■ What this task involves
Would you write out the listing verbatim and skip every picture in it?

■ Provided data
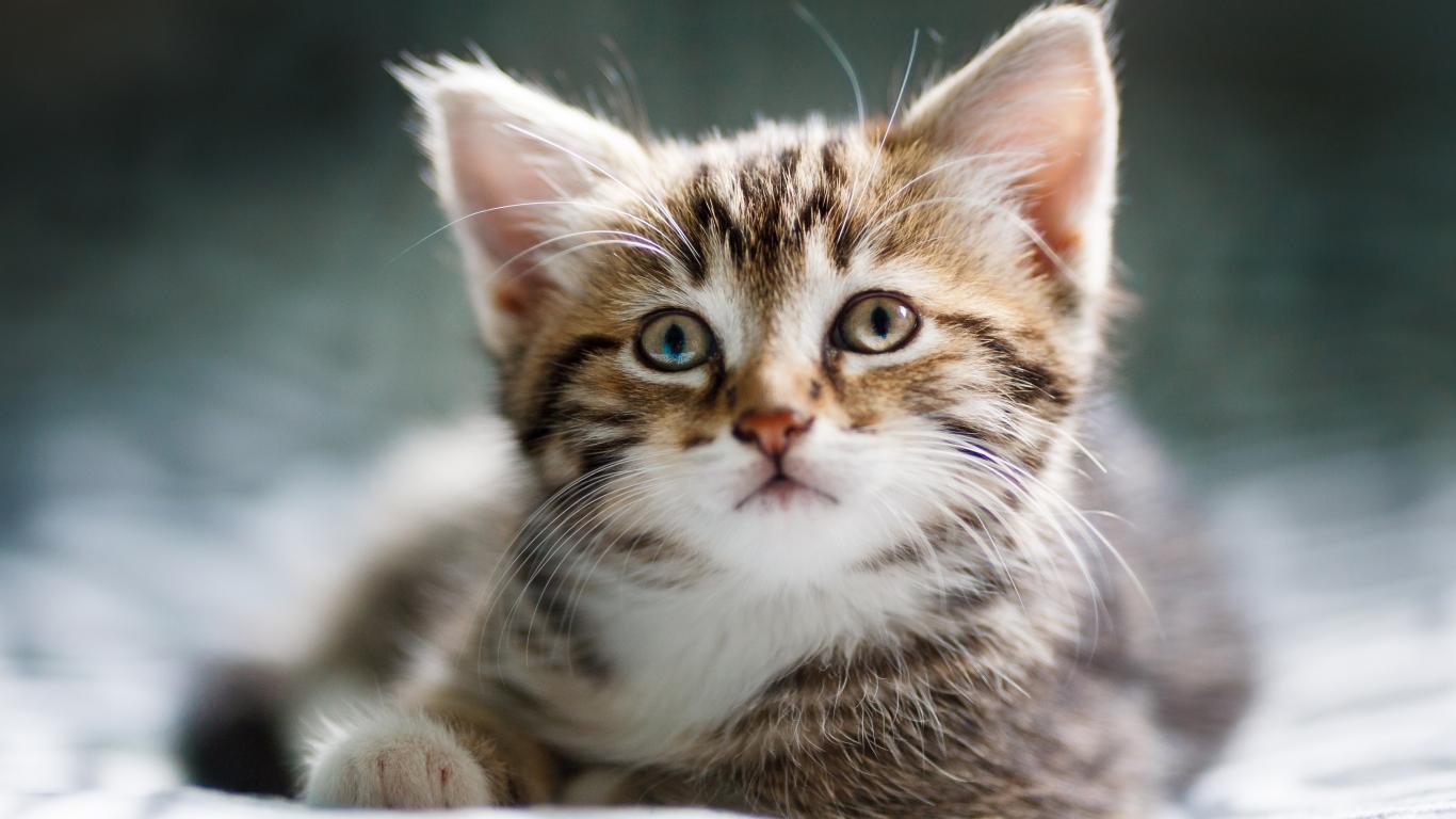 Обои Забавный серый котенок лежит на кровати
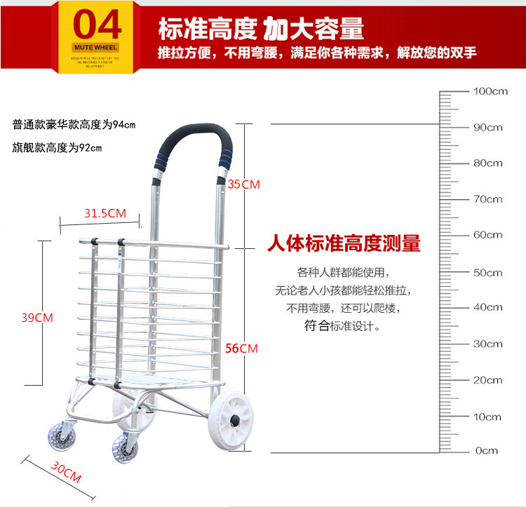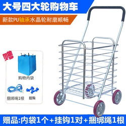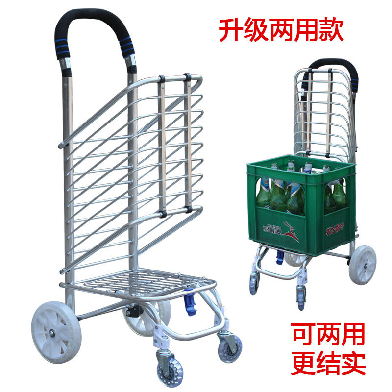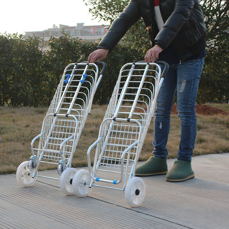 Металлическая корзина для покупок, складная продуктовая тележка на четырех колесах, портативный прицеп для домашнего использования для пожилых людей, алюминиевый сплав
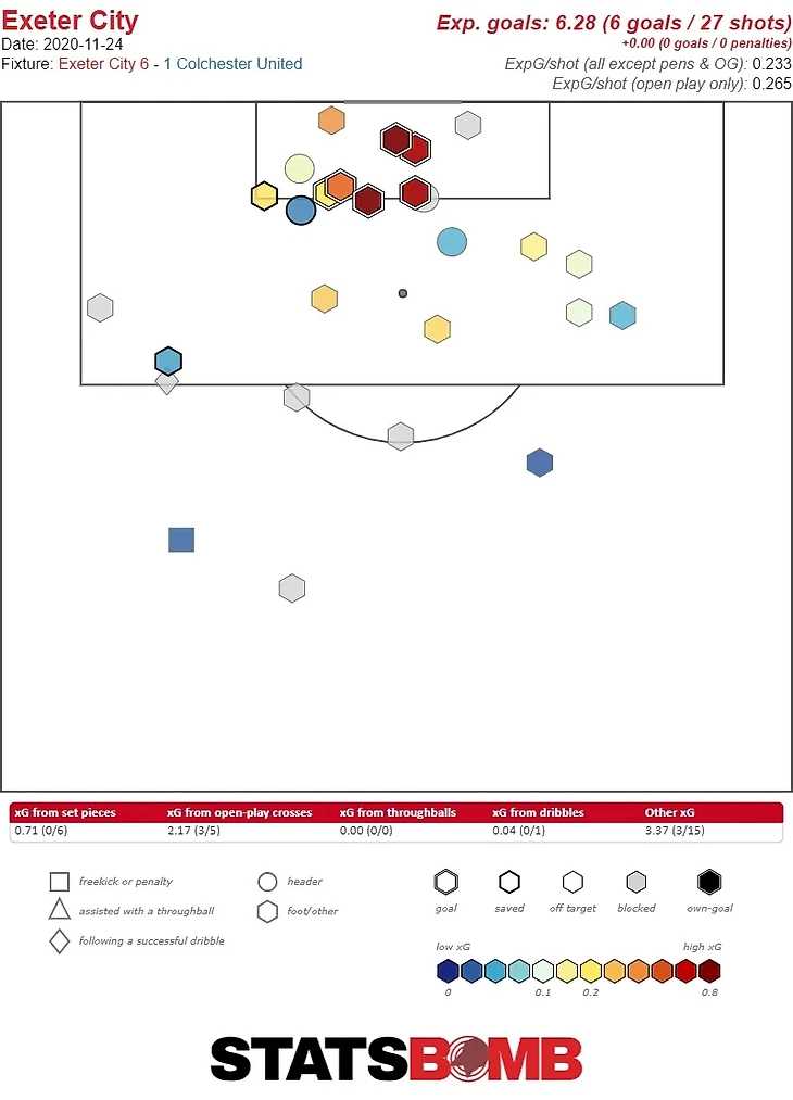 Случай вопиющего дополнения статистики, но даже исключая эту игру, «Эксетер» по-прежнему занимает первое место во второй лиге, как по созданным xG, так и по xG за удар. Сохранение такого уровня креативности может помочь им быть дальше, чем поражение в финале плей-офф в прошлом сезоне.

■ Task solution
 Обои Забавный серый котенок лежит на кровати
 Металлическая корзина для покупок, складная продуктовая тележка на четырех колесах, портативный прицеп для домашнего использования для пожилых людей, алюминиевый сплав
 Случай вопиющего дополнения статистики, но даже исключая эту игру, «Эксетер» по-прежнему занимает первое место во второй лиге, как по созданным xG, так и по xG за удар. Сохранение такого уровня креативности может помочь им быть дальше, чем поражение в финале плей-офф в прошлом сезоне.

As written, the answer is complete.